JAKARTA – Kegaduhan yang melanda Direktorat Jenderal Pajak (DJP) kembali berlanjut. Bursok Anthony Marlon (BAM), pejabat Kanwil DJP Sumatera Utara II melayangkan keluhan atas sikap Menteri Keuangan Sri Mulyani Indrawati dalam merespon pemberitaan media massa terkait kasus penganiayaan oleh anak dari Rafael Alun Trisambodo, Mario Dandy Satrio.

Keluhan BAM tertuang dalam surat tertanggal 27 Februari 2023. BAM mempertanyakan mengapa Sri Mulyani sangat cepat mengambil keputusan hingga dalam hitungan hari setelah kasus tersebut mencuat Rafael Alun keluar dari DJP. Mengapa pula Sri Mulyani berkomentar tentang Komunitas Belasting Rijder?

“Dengan pengaruh Ibu yang luar biasa besar di dunia ini, saya tadinya mengira Ibu tidak akan bisa terbawa arus media dan kritisnya netizen yang menyangkut-pautkan Mario Dandy Satrio dengan Rafael Alun Trisambodo,” tulis BAM dalam suratnya yang beredar di Twitter.

BAM menilai respon Sri Mulyani sangat sembrono.
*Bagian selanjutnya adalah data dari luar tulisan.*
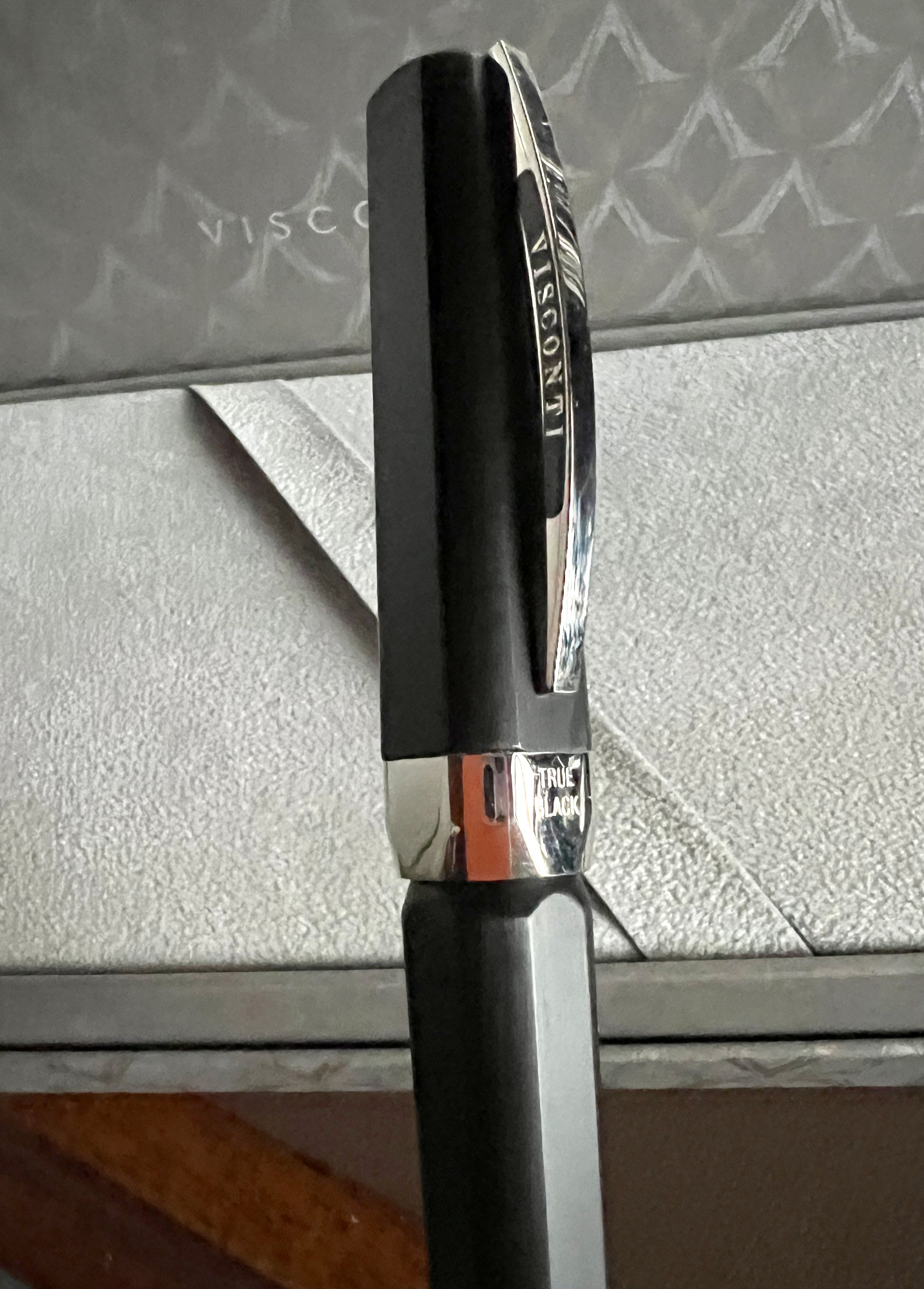 Sulla ghiera decorativa sono incise le parole "True Black", mentre la clip è la più classica delle Visconti. A mio avviso bellissima.
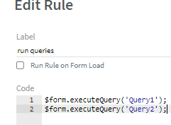Hi Jana You can use a rule on the form view load to run one or both queries if they're not both running on load based on the query control setting. FYI Sigrid ------------------------------ Sigrid Kok PSE | Winshuttle NA ------------------------------
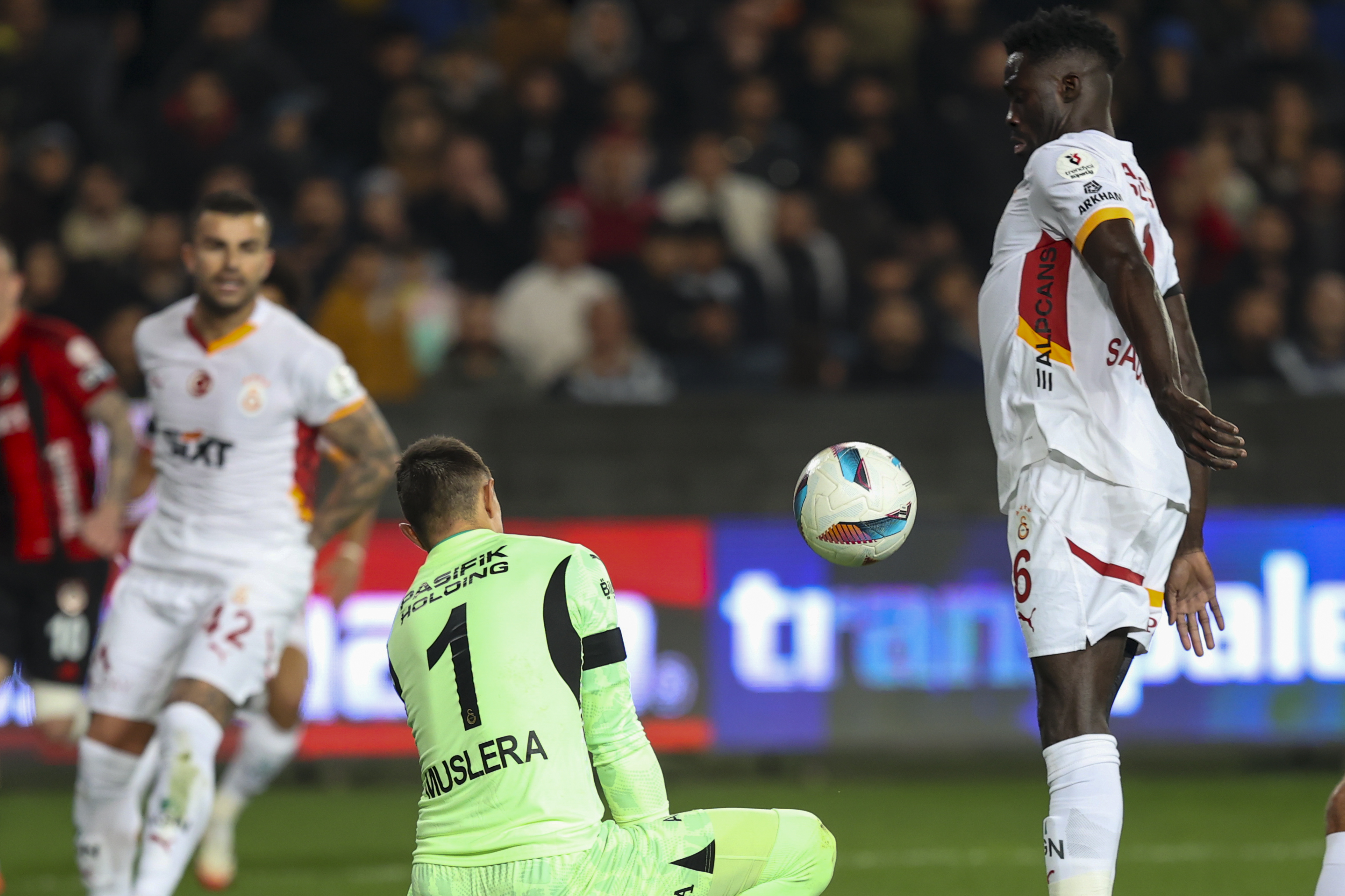 Tecrübeli eldiven Fernando Muslera, 82. dakikada, Abdülkerim Bardakcı ise 90+5. dakikada topu oyuna geç soktukları için sarı kart gördü.

Mario sudah berusia 20 tahun. Secara hukum dia yang bertanggung jawab penuh terhadap segala perbuatannya.

“Seharusnya, Ibu dari awal langsung meredam bahwa seorang yang sudah dewasa, dalam hal pelanggaran hukum, tidak bisa lagi dikait-kaitkan dengan kedua orangtuanya apalagi dengan institusi Direktorat Jenderal Pajak,” ucapnya.

Tapi justru, kata BAM, “Ibu sendiri ikut-ikutan mengkait-kaitkan perbuatan kriminal Mario Dandy Satrio dengan orangtuanya dan institusi Direktorat Jenderal Pajak, sehingga saya menduga Ibu secara langsung maupun tidak langsung ikut serta menghancurkan citra DJP yang saya cintai ini menjadi hancur berantakan.”

Pada akhirnya, banyak pegawai DJP lain yang kena getahnya saat ini. Bahkan, sampai ada Wajib Pajak yang mengucapkan sumpah serapah ketika diingatkan untuk menyampaikan SPT tahunan.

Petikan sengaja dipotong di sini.